Healy lies at the mouth of Healy Creek on the Nenana River, 78 miles southwest of Fairbanks. It is located on a 2.5-mile spur road, just north of the entrance to the Denali National Park and Preserve on the George Parks Highway, at mile 358.1 on the Alaska Railroad.


Because of its proximity to Mt. McKinley Healy has a seasonal tourist trade, but is basically a rail belt coal mining community. Its roots lie 3.5 miles east of today's town site in an early 1900's mining camp called Suntrana, now generally known as Usibelli Coal Mine.


Likewise, today's Holy Mary of Guadalupe parish has its roots in the Suntrana-Healy area. In the early 1950's priests began making infrequent visits to the area. By the mid-1950's Bishop Francis Gleeson, S.J. visited Suntrana twice a month, travelling there from Fairbanks by train or plane. In 1957 construction on a church building began. The interior was still not finished, when a Jesuit priest celebrated Easter Mass there in 1959. This first church was named "St. Mary's."


In the 1960's a road was "punched through" from Nenana to Healy. It was reportedly not much more than a "tundra trail" at first, but it began an era of growth and expansion. People began settling in Healy's present site and in the 1970's people in Suntrana began moving there from the original camp. The road also made the Suntrana-Healy community more accessible to priests stationed in Nenana. As the coal mining community grew, so did the Catholic community. A bigger church was needed in the new town site.


Around 1980, the Bishop assigned the task of building a new church to a Diocesan building committee spearheaded by a Jesuit priest. Bishop Whelan dedicated the new church on May 30, 1982 under the title of Holy Mary of Guadalupe, thus fulfilling a promise the Jesuit priest made at the Shrine to Holy Mary of Guadalupe in Mexico to build a church in her honor. The original St. Mary's Church in Suntrana was eventually sold and moved to Healy where it was converted into a private home.

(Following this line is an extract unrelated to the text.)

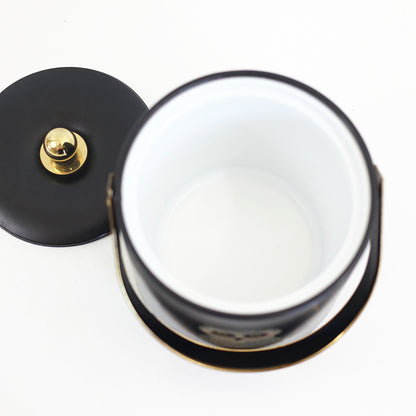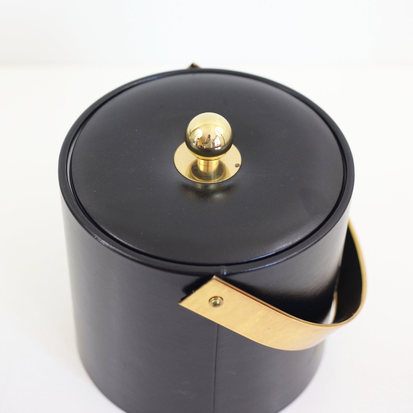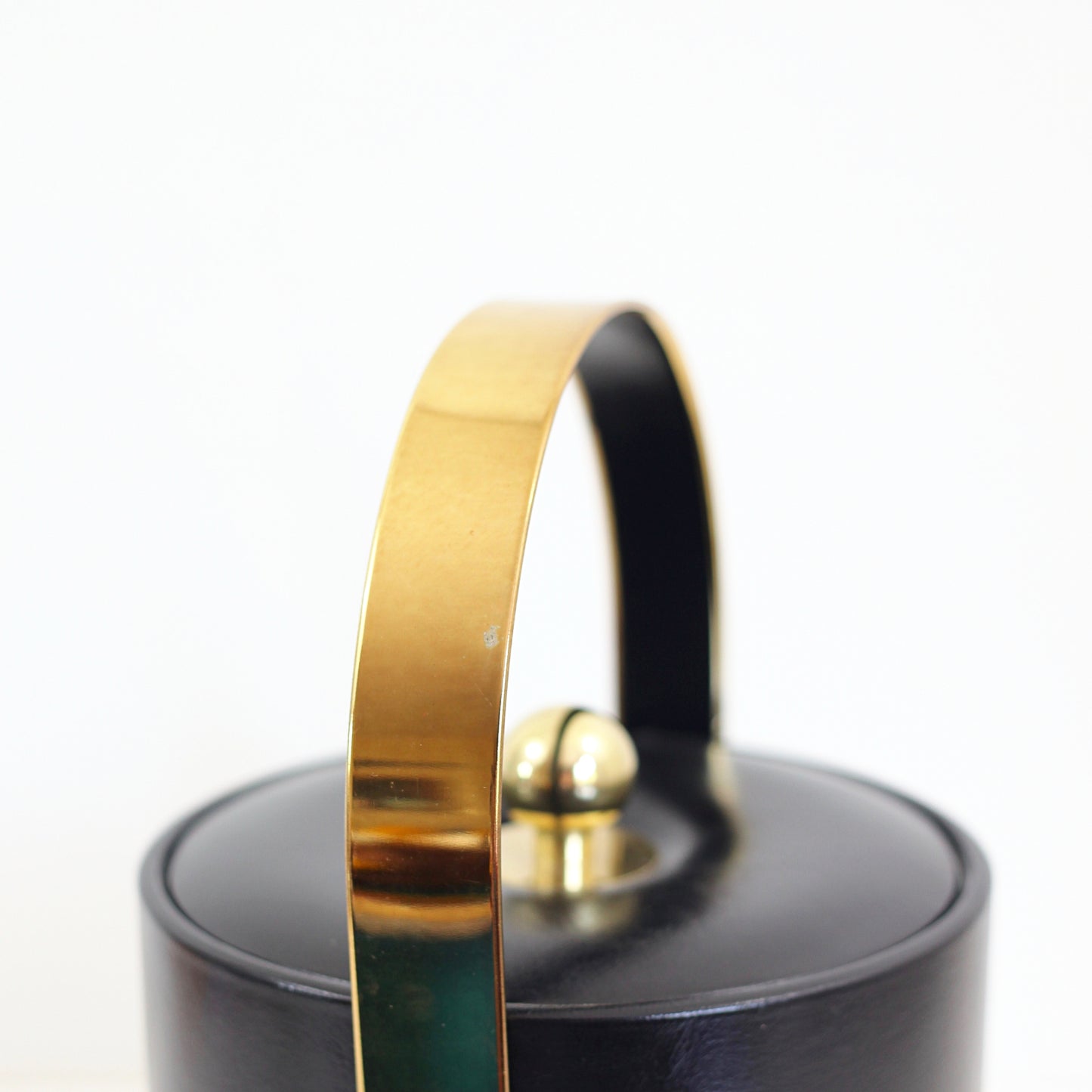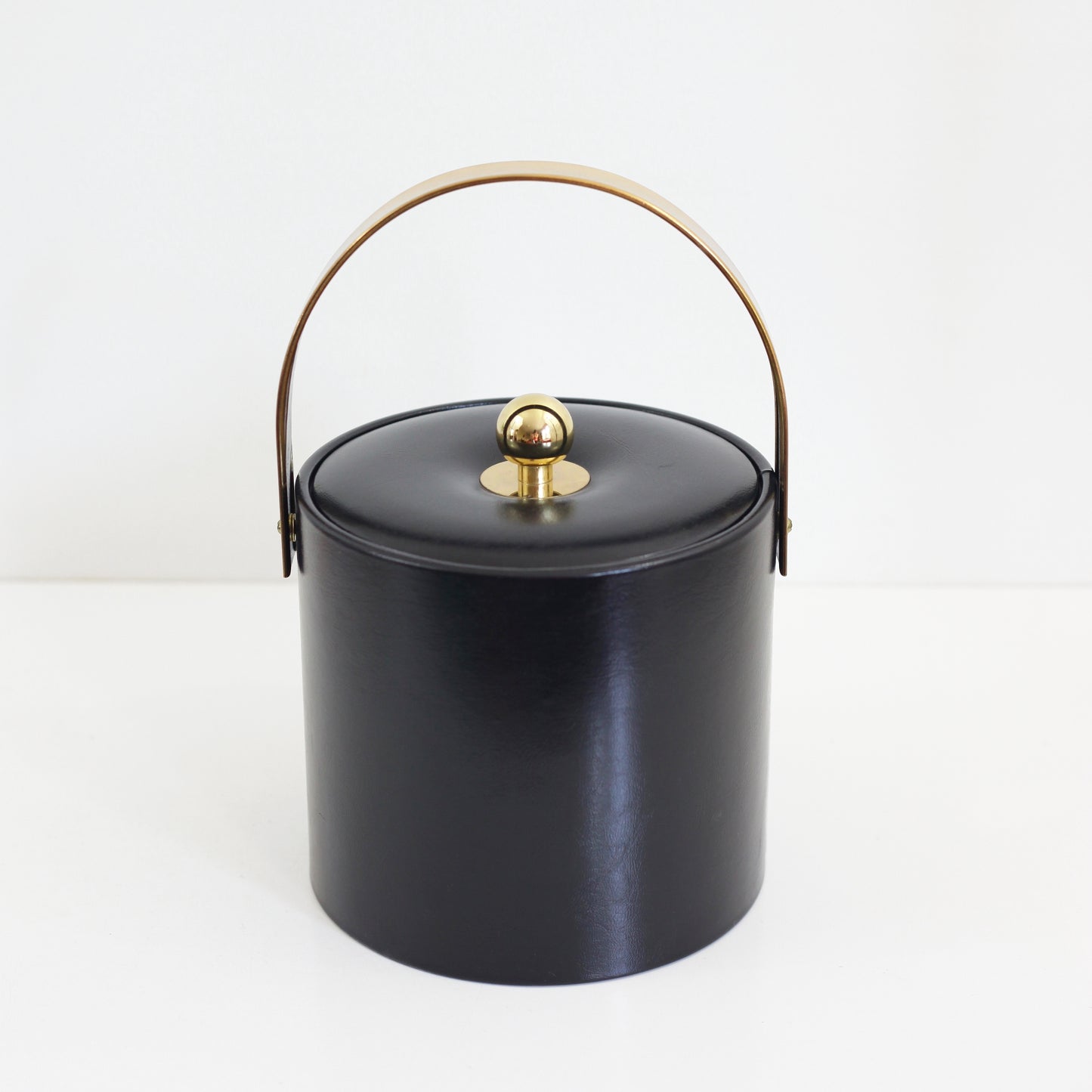 This fabulous mid century owl ice bucket is a real hoot! Made in the 1960s by Couroc of Monterey, California, this handsome ice bucket is made of rich, black vinyl with a gold-tone metal handle and knob. Front of ice bucket is decorated with Couroc's iconic owl motif in gold and brown. The perfect addition to your mid century bar cart!

Visiting Jesuit and Diocesan priests continued to serve Healy along with other small communities on the "rail belt" like Cantwell, Anderson, Denali National Park (summers) and Clear Air Force Base until 1996 when a Diocesan priest made Healy his headquarters. A Dominican Sister served as Pastoral Administrator on the "rail belt" from 1989 -1991, during which time she encouraged lay participation, training several lay leaders in different areas of ministry. After she left, Ms. Barbara Walters was appointed Pastoral Administrator for the Healy parish. She still serves in that capacity. A Diocesan priest is Healy's current pastor.